Google recently released a paper outlining their new medical LLM, called AMIE (“Articulate Medical Intelligence Explorer”). AMIE can take medical histories, diagnose medical conditions, and communicate directly with patients. Despite all the caveats they place on their conclusions, it’s clear that AMIE works–in simulated medical settings, it outperformed human doctors on most measures (28 of 32 categories according to medical experts, and 24 of 26 according to the patients). AMIE not only made more accurate diagnoses than the doctors, but patients rated it as more empathetic than the humans.*
There are so many new models coming out these days, both specialist and generalist, that this didn’t get a lot of attention. But it’s a big deal, for obvious and non-obvious reasons. Here are the five lessons to be learned from AMIE:
- This is the real deal. We have shortages of doctors all over the world, including both primary-care physicians and specialists in many areas. AMIE may or may not be the winning medical AI tool, but either it or something like it will become ubiquitous over the coming decade. Once we have the technology to allow 10 doctors to do the work of 20, economic logic ensures that that technology is going to be deployed. And it should be deployed–patients may not like giving their histories to a robot instead of a doctor, but in the absence of enough doctors to provide medical care to everyone in the traditional manner, tools like AMIE will save lives.
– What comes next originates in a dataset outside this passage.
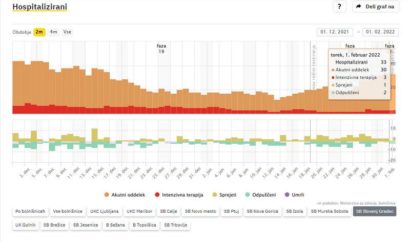 Kot je na Twitterju objavilo ministrstvo, je skupno število hospitaliziranih s potrjeno okužbo 887. Od teh jih je na navadnih oddelkih 391 zaradi covida-19 in 364 s covidom-19, intenzivno terapijo pa zaradi covida-19 potrebuje 116 bolnikov. Poleg teh je na intenzivnem oddelku še 16 bolnikov s covidom-19.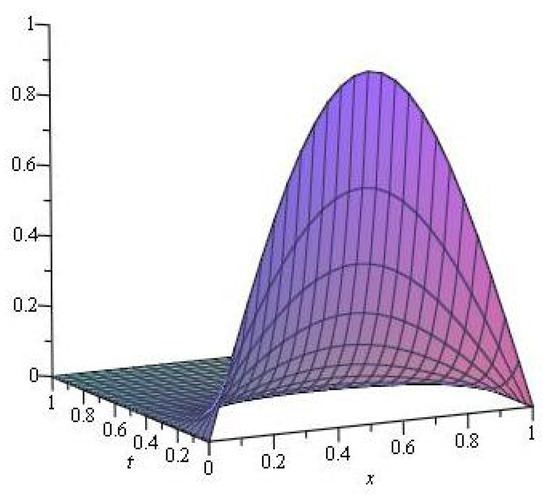 where is obtained from the initial condition with . An exact solution of the system given by the Equations (2) and (9) for particular values of arbitrary functions , , and is given in the following example.

- AMIE is the first of many “do my job” LLMs to come. Everyone is still experimenting with AI, and most of the real-world deployments to date have either been extremely niche or involved minor productivity boosts like creating first drafts of copy. Although it’s intended as an assistant, AMIE could, if required, provide end-to-end basic care for many patients, in a way that generalist LLM chatbots generally can’t do the entire job of a skilled worker. Robot doctors will be followed by robot lawyers, robot accountants, and robot teachers, to name a few.
- Specialist LLMs are more powerful than people realize. A crude formula for the effectiveness of an LLM is: Power (parameters, data, and design quality) divided by Breadth (the number of different things the LLM needs to be able to do). If you only want your LLM to function in a relatively narrow field, and it doesn’t need general knowledge or language skills outside that field, then you can get much higher levels of quality (as shown in accuracy and clarity) for a given level of underlying power. Generalist LLMs will always be useful for open-ended casual use, but professional applications will become the domain of narrower specialist models.
- AMIE keeps humans in the loop–but it doesn’t really need them. Google is understandably nervous about the prospect of an LLM replacing doctors entirely, both for ethical and practical reasons. So AMIE is intended only to help doctors in a supervised clinical setting. But there’s no reason why a medical LLM, or any professional LLM, has to be designed like that. It’s technically possible for someone to make a version of AMIE designed for fully independent use, and make it available for patients to use independently (and indeed I think that’s pretty likely in the near future).
- We face an imminent decision on how to use the productivity gains from professional AI tools. It’s almost certain that more tools like AMIE will be deployed in the coming years, and while that raises a host of issues to work through, we will see significant benefits as we do so. There is a sociopolitical question with how we should use the productivity gains that result from these tools. In medicine, it’s likely that we will use them to relieve shortages of medical professionals, and I can’t imagine it will be contentious. But in fields without those kinds of shortages, it might be a different story. We can simply harvest those efficiency gains and spend less money on different activities (with fewer people employed in them), or we can reinvest the benefits, allowing the people who have those jobs more time to do the “human” part of the job. Personally, if we’re going to have robots assisting our teachers (for example, creating and assessing homework assignments), I hope that we don’t decide to employ fewer teachers–it would be so much better to give them that time back to spend with their students directly. We can make this choice differently, but we will have to make it.
Some people will love AMIE; some will find it terrifying. Either way, though, the right answer is to consider how we can ensure it plays the most constructive role possible in society, instead of simply celebrating it or criticizing it. AMIE is an early glimpse into the future of work, and by noticing that future, we can give ourselves more time to be ready for it.